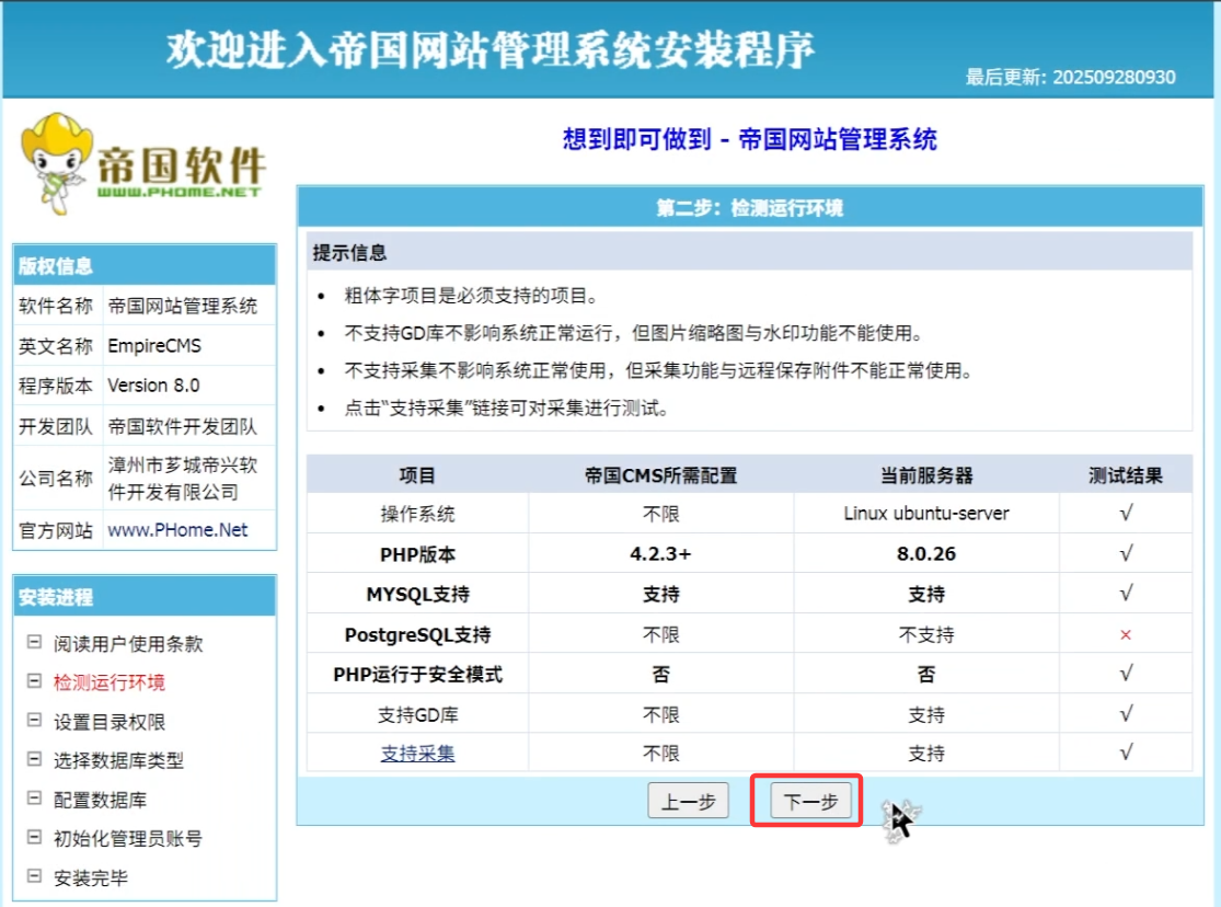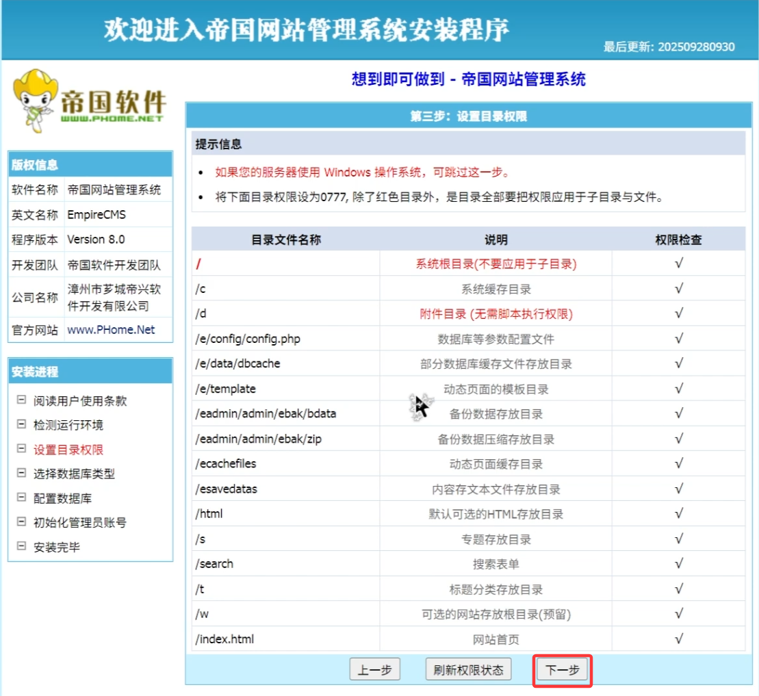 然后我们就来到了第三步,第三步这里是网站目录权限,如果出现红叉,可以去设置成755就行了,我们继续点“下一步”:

=-=-=-=-=

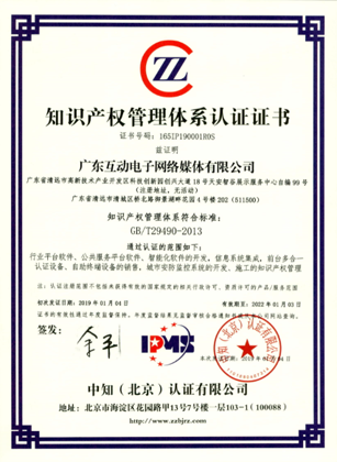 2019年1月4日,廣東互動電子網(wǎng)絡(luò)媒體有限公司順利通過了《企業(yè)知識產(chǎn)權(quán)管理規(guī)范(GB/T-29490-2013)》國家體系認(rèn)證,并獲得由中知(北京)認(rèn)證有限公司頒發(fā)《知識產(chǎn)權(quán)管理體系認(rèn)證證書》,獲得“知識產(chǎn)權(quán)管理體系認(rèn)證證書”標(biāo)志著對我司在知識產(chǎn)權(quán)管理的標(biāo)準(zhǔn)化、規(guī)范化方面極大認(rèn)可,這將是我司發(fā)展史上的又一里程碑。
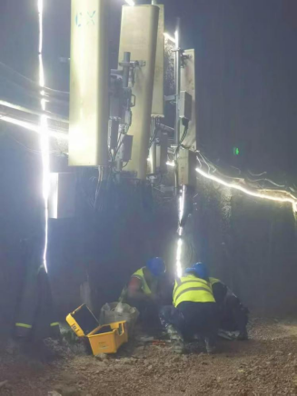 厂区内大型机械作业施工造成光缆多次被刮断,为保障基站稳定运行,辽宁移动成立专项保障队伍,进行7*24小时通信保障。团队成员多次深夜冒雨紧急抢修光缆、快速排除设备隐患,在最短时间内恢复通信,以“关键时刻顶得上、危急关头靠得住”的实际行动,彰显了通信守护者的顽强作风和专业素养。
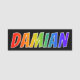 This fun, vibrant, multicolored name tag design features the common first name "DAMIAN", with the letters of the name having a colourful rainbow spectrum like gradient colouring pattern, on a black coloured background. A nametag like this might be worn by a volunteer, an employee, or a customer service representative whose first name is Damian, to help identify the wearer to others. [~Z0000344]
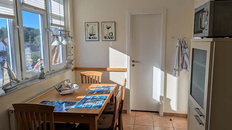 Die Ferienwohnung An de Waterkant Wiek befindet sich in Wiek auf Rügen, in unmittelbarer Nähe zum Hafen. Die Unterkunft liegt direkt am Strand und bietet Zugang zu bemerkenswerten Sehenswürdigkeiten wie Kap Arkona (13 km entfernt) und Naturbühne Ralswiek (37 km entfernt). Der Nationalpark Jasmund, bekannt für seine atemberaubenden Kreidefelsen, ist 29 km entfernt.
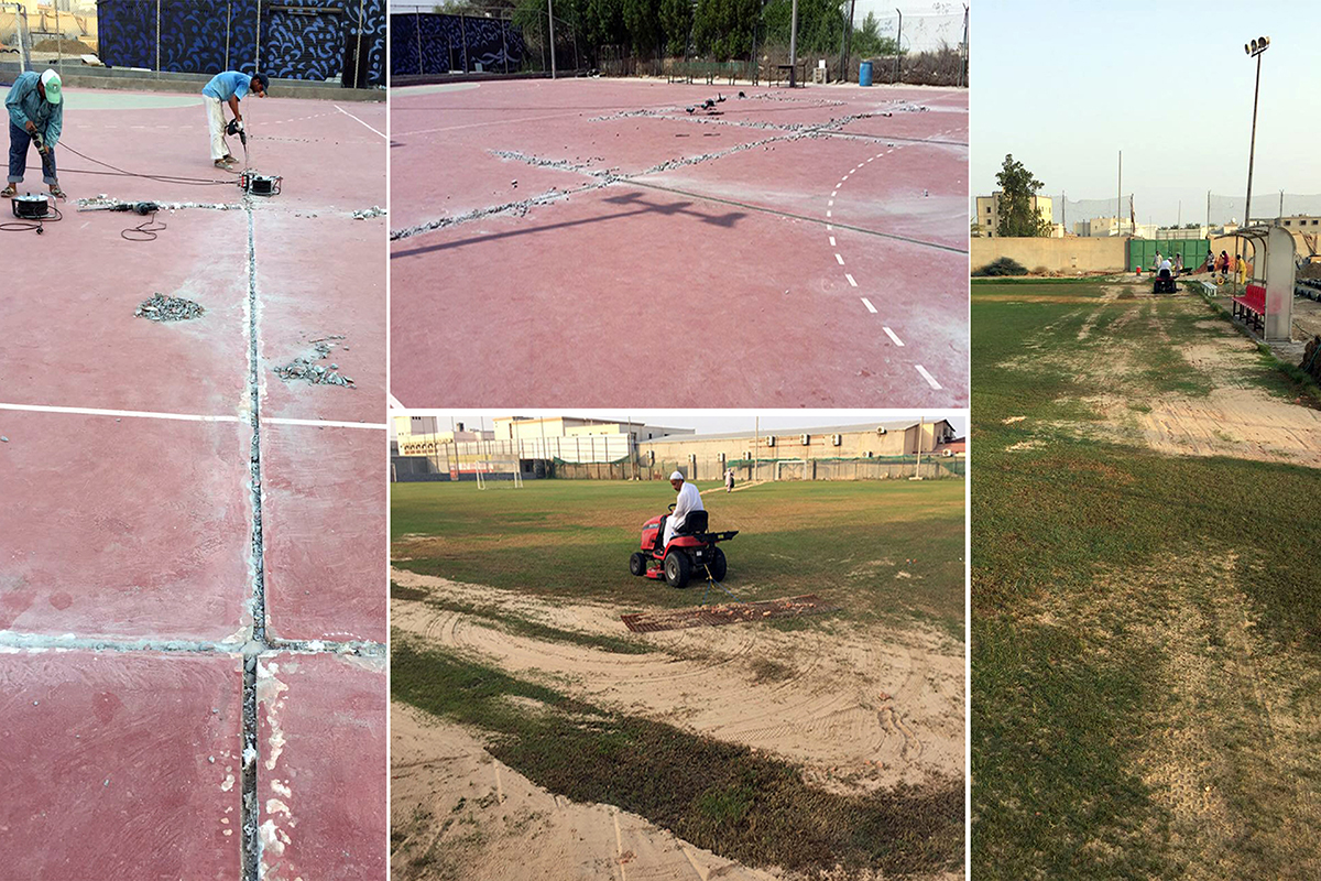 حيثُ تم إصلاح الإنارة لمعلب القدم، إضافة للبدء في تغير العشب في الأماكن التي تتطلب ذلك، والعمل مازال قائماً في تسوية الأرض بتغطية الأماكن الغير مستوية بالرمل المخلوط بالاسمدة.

=-=-=-=-=

■ What is needed ■
From the records above, copy only the lines running from the line holding "This fun, vibrant, multicolored" through the line holding "حيثُ تم إصلاح", with no pictures.

■ Exercise solution ■
 This fun, vibrant, multicolored name tag design features the common first name "DAMIAN", with the letters of the name having a colourful rainbow spectrum like gradient colouring pattern, on a black coloured background. A nametag like this might be worn by a volunteer, an employee, or a customer service representative whose first name is Damian, to help identify the wearer to others. [~Z0000344]
 Die Ferienwohnung An de Waterkant Wiek befindet sich in Wiek auf Rügen, in unmittelbarer Nähe zum Hafen. Die Unterkunft liegt direkt am Strand und bietet Zugang zu bemerkenswerten Sehenswürdigkeiten wie Kap Arkona (13 km entfernt) und Naturbühne Ralswiek (37 km entfernt). Der Nationalpark Jasmund, bekannt für seine atemberaubenden Kreidefelsen, ist 29 km entfernt.
 حيثُ تم إصلاح الإنارة لمعلب القدم، إضافة للبدء في تغير العشب في الأماكن التي تتطلب ذلك، والعمل مازال قائماً في تسوية الأرض بتغطية الأماكن الغير مستوية بالرمل المخلوط بالاسمدة.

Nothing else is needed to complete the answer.